Stored items from a collection:
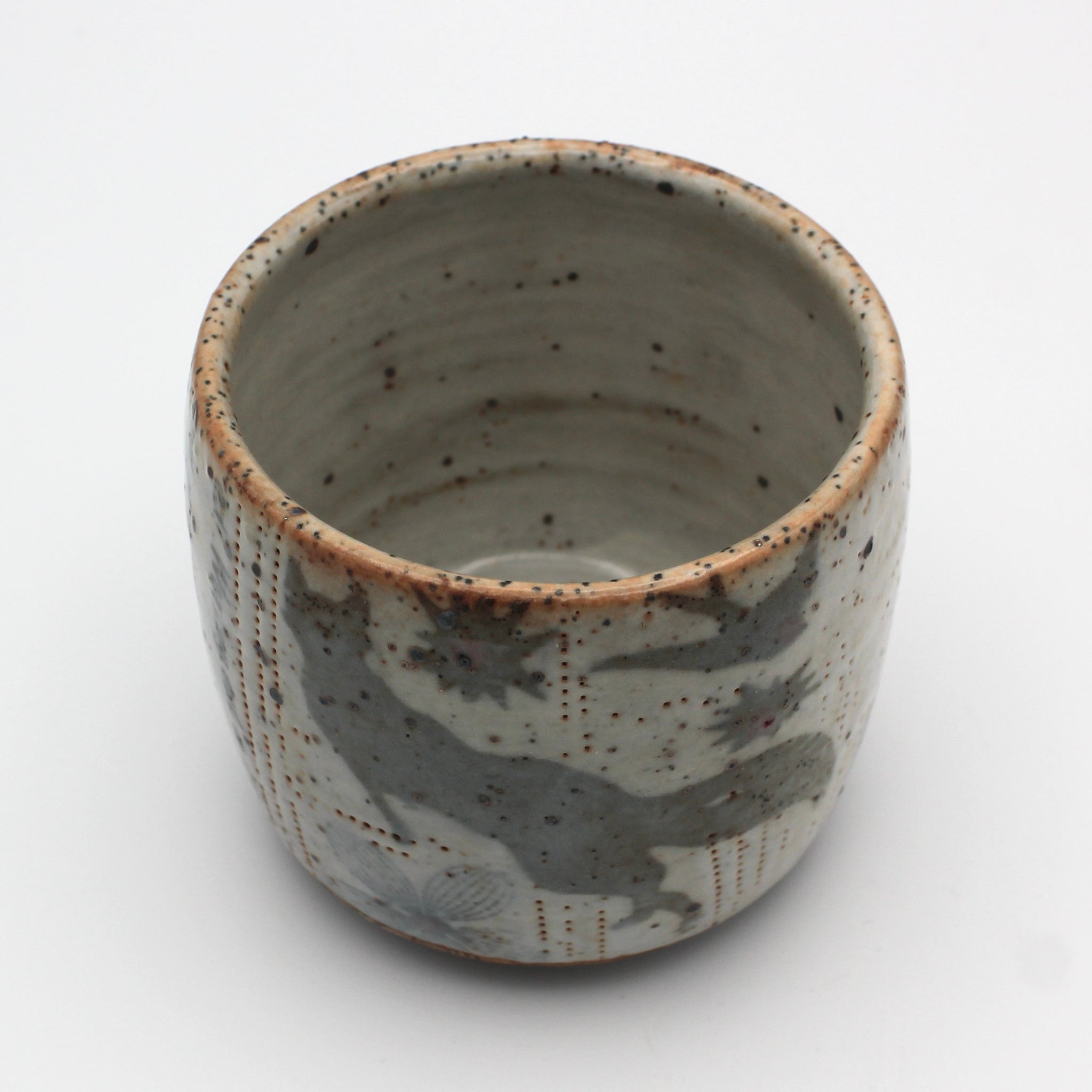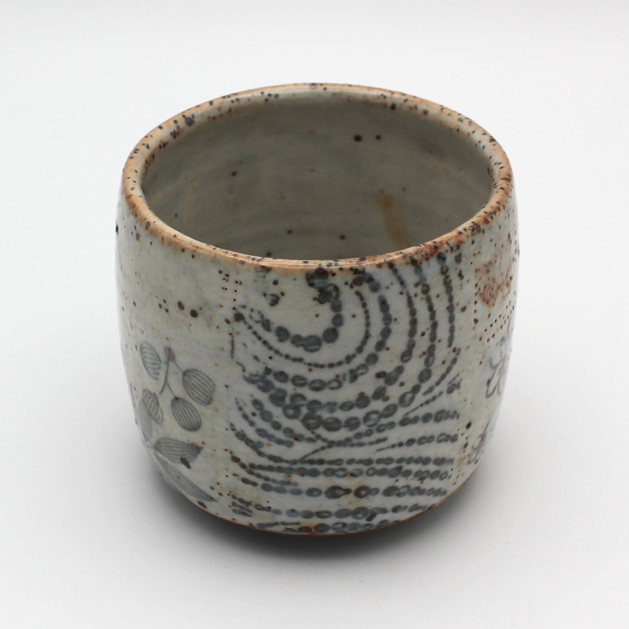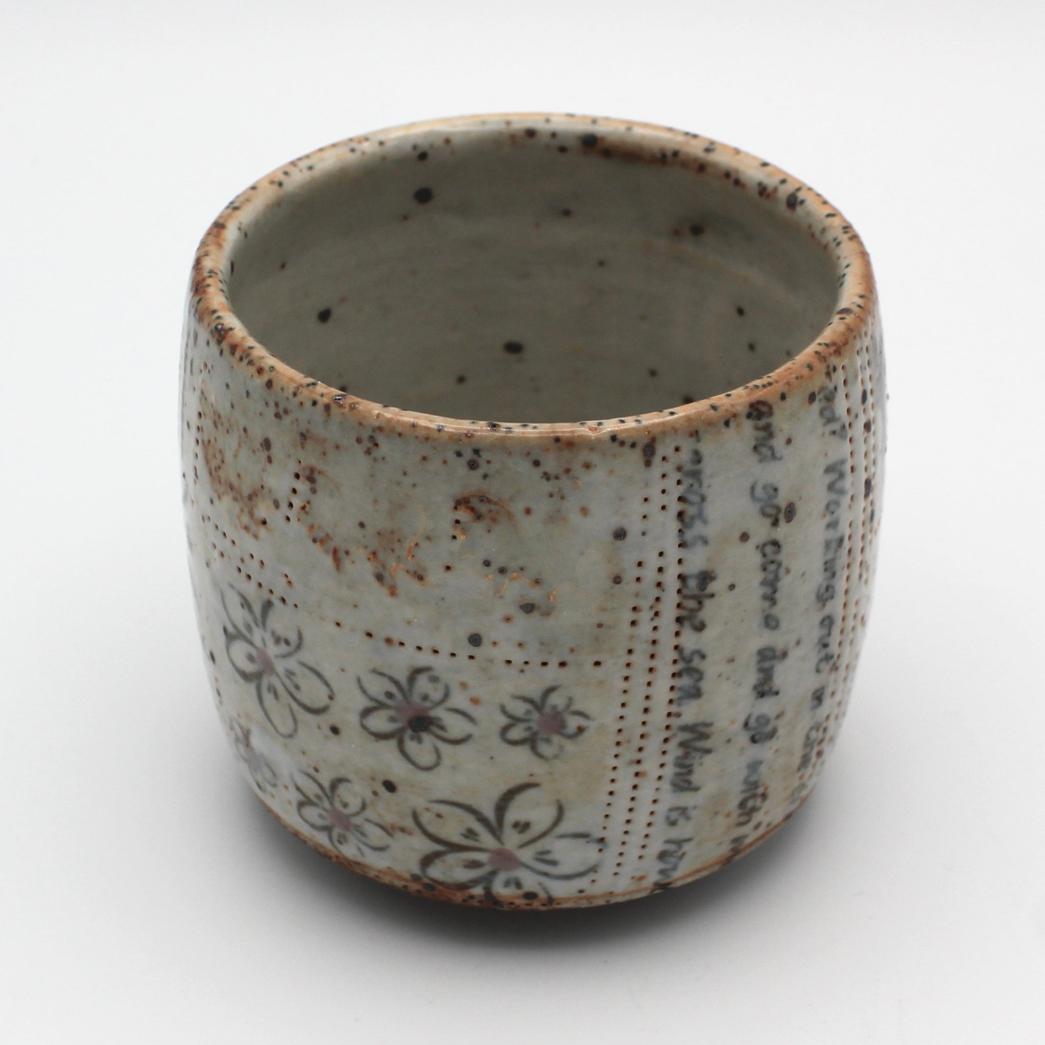 Gail Miles uses a variety of beautiful finishing techniques on her porcelain and stoneware pottery. Earthy, matte clays are enhanced by the contrast of soft, luxurious jewel-toned glazes and printed patterns. This tumbler features an amalgamation of Miles' signature aesthetic--printed botanical patterns, bluegrass lyrics, and a silhouetted fox showing through a complex shino glaze. It measures about 3.5" in height and diameter.
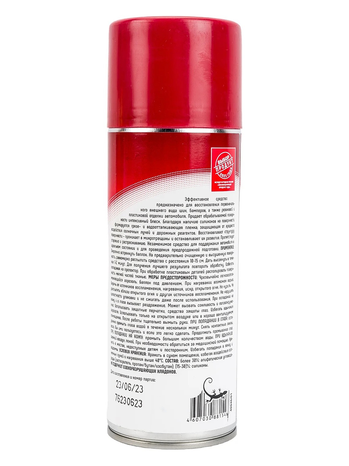 Энергично встряхнуть баллон. На предварительно очищенную и высушенную поверхность, равномерно распылить средство с расстояния 10-15 см. Дать высохнуть в течение 1-2 минут. Для получения лучшего результата повторить обработку. Избегать попадания на протектор. При обработке пластиковых деталей располировать поверхность мягкой чистой тканью.
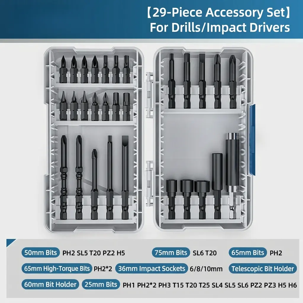 29 PCS S2 Steel Impact Screwdriver Bit & Socket Set, Telescopic Extension Bar Quick Change Kit, High Torque Bits with 6-10mm Nut Drivers, 1/4" Hex Shank for Automotive Tight Spot Repair
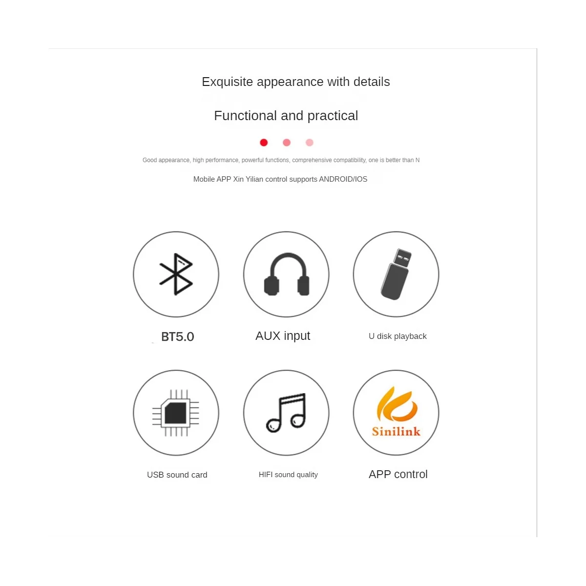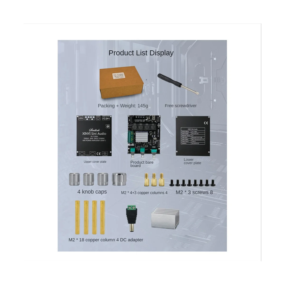 Modelo del producto: 100W + 100W Nombre del producto: 5,0 W + W placa amplificadora de potencia Bluetooth estéreo ajustable de graves altos fuente de alimentación: 1/versión Bluetooth 10A o superior: entrada de Audio: bluetooth + AUX + memoria USB + tarjeta de sonido USB Salida de audio: altavoz pasivo + salida estéreo de interfaz de 3,5mm Ajuste de volumen: Ajuste de la perilla del codificador de gama alta, sensación suave Rango de frecuencia: relación señal-ruido 20Hz-30KHz: Bocina adaptada de 92dB: 20W-200W/2 Ω - 8 Ω Potencia de salida: 100W * 2 Mecanismo de protección: protección estática, protección contra sobrecalentamiento, protección contra sobrecorriente, protección contra cortocircuitos Función especial: soporte Sinilink-APP control Tamaño del producto: 98mm x 70mm x 25mm Material: PCB + metal color: negro Contenido del paquete: 1 Placa amplificadora de potencia 1 Placa de cubierta superior e inferior 1 paquete de tornillos 1 Adaptador de CC 1 destornillador 1 disipador de calor Solo el contenido del paquete anterior, otros productos no están incluidos. Nota: El reflejo de la luz y las diferentes pantallas pueden hacer que el color del elemento en la imagen sea un poco diferente del real. El error de medición permitido es +/- 1-3cm.
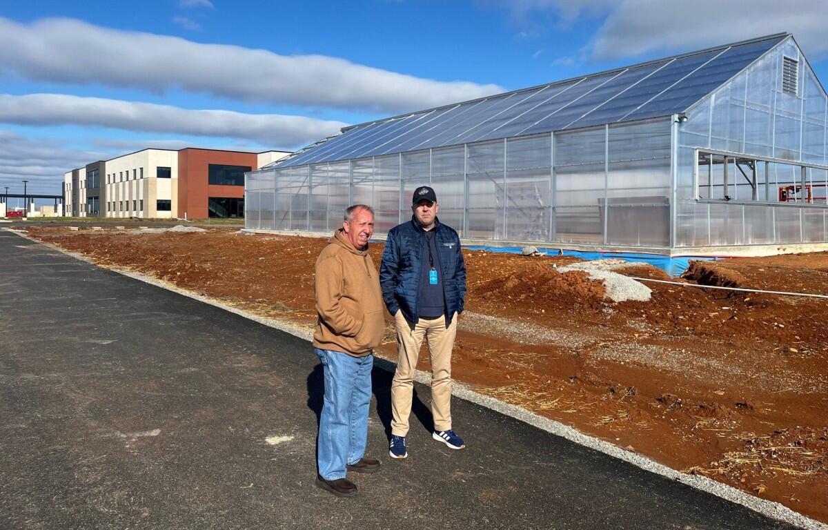 State Representative Myron Dossett is pictured with Superintendent Chris Bentzel in front of Christian County High School’s Greenhouse and new consolidated facility. (Contributed)
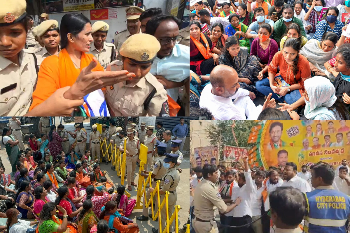 ఇక, హైదరాబాద్లో కరెంట్ తీగలు తగిలి ఇటీవల మరణాలు, డ్రైనేజీ సమస్యలు, గుంతల రోడ్ల అంశాలపై బీజేపీ నిరసనకు దిగింది. జీహెచ్ఎంసీ, హైడ్రా, జలమండలి విభాగాల మధ్య కో-ఆర్డినేషన్ లేక ఎక్కడి సమస్యలు అక్కడే అంటూ బీజేపీ ఆందోళన వ్యక్తం చేస్తోంది. నిరసనల నేపథ్యంలో ఇప్పటికే గ్రేటర్ పరిధిలో పలువురు బీజేపీ కార్పొరేటర్లు, నేతలను పోలీసులు హౌజ్ అరెస్టు చేశారు. నగర పరిధిలో బీజేపీ నాయకులు, కార్పొరేటర్లను పోలీసులు ముందస్తు అరెస్టులు చేశారు. తుర్కయాంజల్లోనూ నేతలను అదుపులోకి తీసుకున్నారు. వారిని అబ్దుల్లాపూర్ మెట్ పీఎస్కు తరలించారు. మరోవైపు సరూర్నగర్ కార్పొరేటర్ శ్రీవాణి సచివాలయం వైపు దూసుకెళ్లేందుకు యత్నించారు. ఆమెతో పాటు పలువురు నాయకులను పోలీసులు అరెస్టు చేశారు.
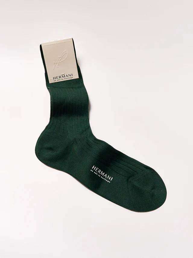This pure fil d’Ecosse LISLE thread cotton is twisted and mercerized for an excellent fit. The light knit can be worn all year and is an indispensable complement to both elegant and casual dressing. Our rib-knit is finished with an English cuff, which is thin but highly resistant and allows the feet to breathe. Thanks to hand linking, the toe seam is imperceptible. This sock is 100% made in Italy and underlies the European Oeko-Tex standard.

_WHAT TO PRODUCE:_
Say again, word for word, the lines beginning at the top of the data and ending with the line that has "29 PCS S2 Steel". Skip the pictures.

_REPLY TO THE TASK:_
 Gail Miles uses a variety of beautiful finishing techniques on her porcelain and stoneware pottery. Earthy, matte clays are enhanced by the contrast of soft, luxurious jewel-toned glazes and printed patterns. This tumbler features an amalgamation of Miles' signature aesthetic--printed botanical patterns, bluegrass lyrics, and a silhouetted fox showing through a complex shino glaze. It measures about 3.5" in height and diameter.
 Энергично встряхнуть баллон. На предварительно очищенную и высушенную поверхность, равномерно распылить средство с расстояния 10-15 см. Дать высохнуть в течение 1-2 минут. Для получения лучшего результата повторить обработку. Избегать попадания на протектор. При обработке пластиковых деталей располировать поверхность мягкой чистой тканью.
 29 PCS S2 Steel Impact Screwdriver Bit & Socket Set, Telescopic Extension Bar Quick Change Kit, High Torque Bits with 6-10mm Nut Drivers, 1/4" Hex Shank for Automotive Tight Spot Repair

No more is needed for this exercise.